This paper explores a novel human–machine interaction (HMI) paradigm that utilizes the sensing, storage, computation, and communication (SSCC) power capabilities of mobile devices to provide intuitive interactions with dynamic systems. The HMI paradigm addresses the fundamental challenges by integrating computer vision, 3D virtual graphics, and touchscreen sensing to develop mobile apps that provide interactive augmented reality (AR) visualizations. While prior approaches used laboratory-grade hardware, e.g., personal computer (PC), vision system, etc., for streaming video to remote users, the approach exploits the inherent mobility of mobile devices to provide users with mixed-reality (MR) environments in which the laboratory test-bed and augmented visualizations coexist and interact in real-time to promote immersive learning experiences that don’t yet exist in engineering laboratories. By pointing the rear-facing cameras of the mobile devices at the system from an arbitrary perspective, computer vision techniques retrieve physical measurements to render interactive AR content or perform feedback control. Future work is expected to examine the potential of our approach in teaching fundamentals of dynamic systems, automatic control, robotics, etc. through inquiry-based activities with students.
Recent advances have led to rapid growth in the complexity of technologies. For example, the arrival of systems that couple cyber elements (computing and communication) with physical dynamics are expected to bring revolutionary changes to the way humans learn, live, and work . By interconnecting state-of-the-art interface technologies (e.g., computer vision, interactive graphics, haptics, and motion sensing) with educational laboratory test-beds, a new class of educational platforms can be developed with the potential to transform the way people learn by reducing the effort required to command, control, and monitor physical dynamics . Moreover, rather than turning to specialized, ad hoc solutions, educational laboratories can exploit mobile devices, which have evolved to carry an unprecedented amount of sensing, storage, computation, and communication power (SSCC).
With an ever-expanding number of sensors and features, mobile devices can facilitate enhanced interactions with physical systems. Because of their popularity and familiarity, mobile devices can offer learners interfaces that are more intuitive than those on competing, specialized devices. That is, learners may be able to draw upon experience with their personal devices to operate physical systems effectively. Developing architectures and mobile apps to realize such systems requires overcoming the fundamental challenges of how best to use mobile technologies to i) capture and map user behavior to desired behavior of systems and ii) capture and display the system state to support situational awareness .

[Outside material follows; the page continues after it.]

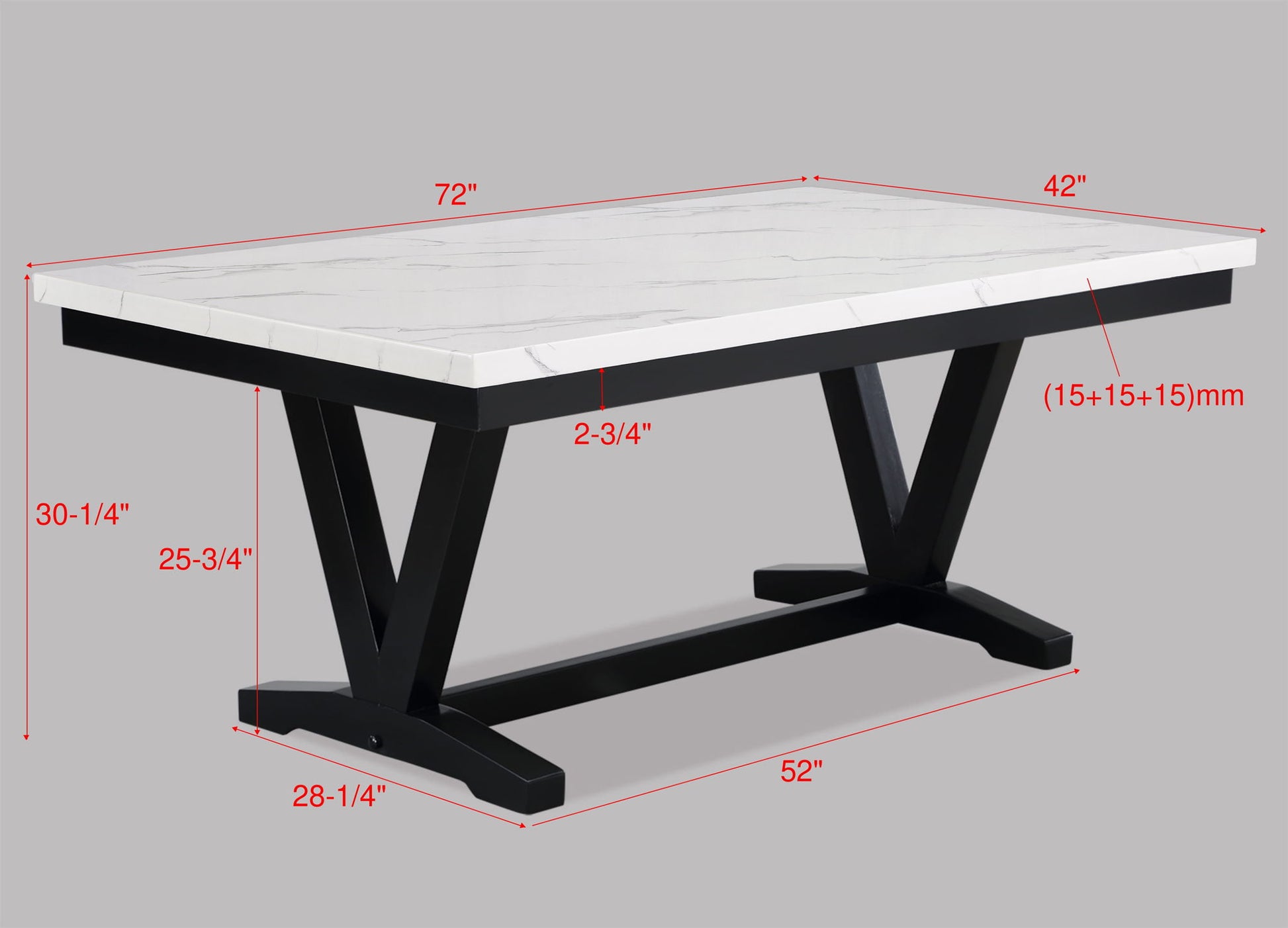 Introducing a harmonious blend of modern sophistication and classic elegance. This dining set showcases a refined faux marble tabletop supported by a distinctively designed black trestle base, creating a striking contrast. Accompanied by sleek chairs, accented with nailhead trim and dressed in a chic leatherette upholstery, this ensemble is a testament to understated luxury. The additional bench seating option promotes communal dining and adds versatility.
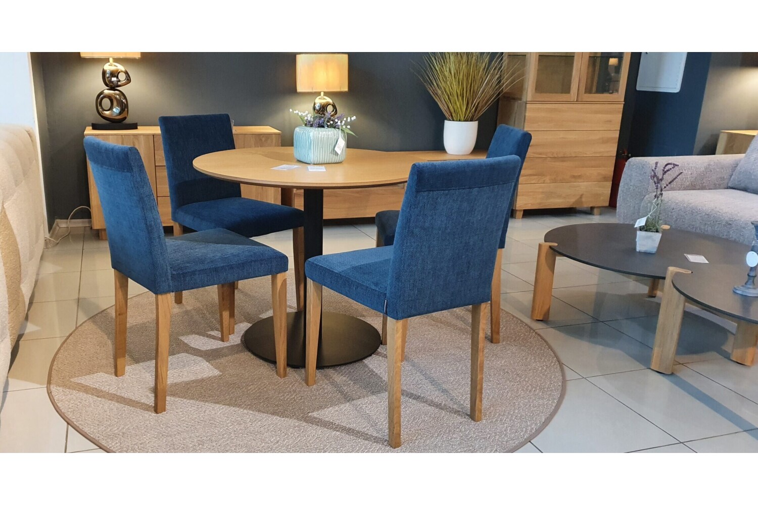 1vnt kėdė be defektų, su yedi 433 ryškiai mėlynu, švelnios tekstūros gobelenu.

This paper explores a novel human-machine interaction (HMI) paradigm that utilizes the SSCC capabilities of mobile devices to provide intuitive interactions with dynamic systems. Our HMI paradigm addresses the aforementioned fundamental challenges by integrating computer vision, 3D virtual graphics, and touchscreen sensing to develop mobile apps that provide interactive augmented reality (AR) visualizations. While prior approaches used laboratory-grade hardware, e.g., personal computer (PC), vision system, etc., for streaming video to remote users , our approach exploits the inherent mobility of mobile devices to provide users with mixed-reality (MR) environments in which the laboratory test-bed and augmented visualizations coexist and interact in real-time to promote immersive learning experiences that don’t yet exist in engineering laboratories. After describing the basic components of our approach, we use representative laboratory test-beds to present three architectures that support our HMI paradigm and employ mobile devices in three distinct roles: user interaction, sensing, and control (Figure 1). First, interacting with a 2D robot mechanism by manipulating its virtual representation on a tablet allows learners to reinforce their conceptual understanding of spatial relationships and robot kinematics. Second, allowing learners to utilize personal devices as vision-based sensing tools to interact with a ball and beam system obviates the need to equip the test-bed with alternative sensing instrumentation. Third, providing interactive graphical tools within the interface permits learners to interact with a DC motor arm to command its orientation and interactively redesign a digital controller, thus allowing an exploration of the effects of closed-loop pole locations on dynamic system response characteristics, e.g., stability, damping, and steady-state error. Experimental results demonstrate the performance and efficacy of the presented systems and attempt to address the benefits and challenges of the proposed approach.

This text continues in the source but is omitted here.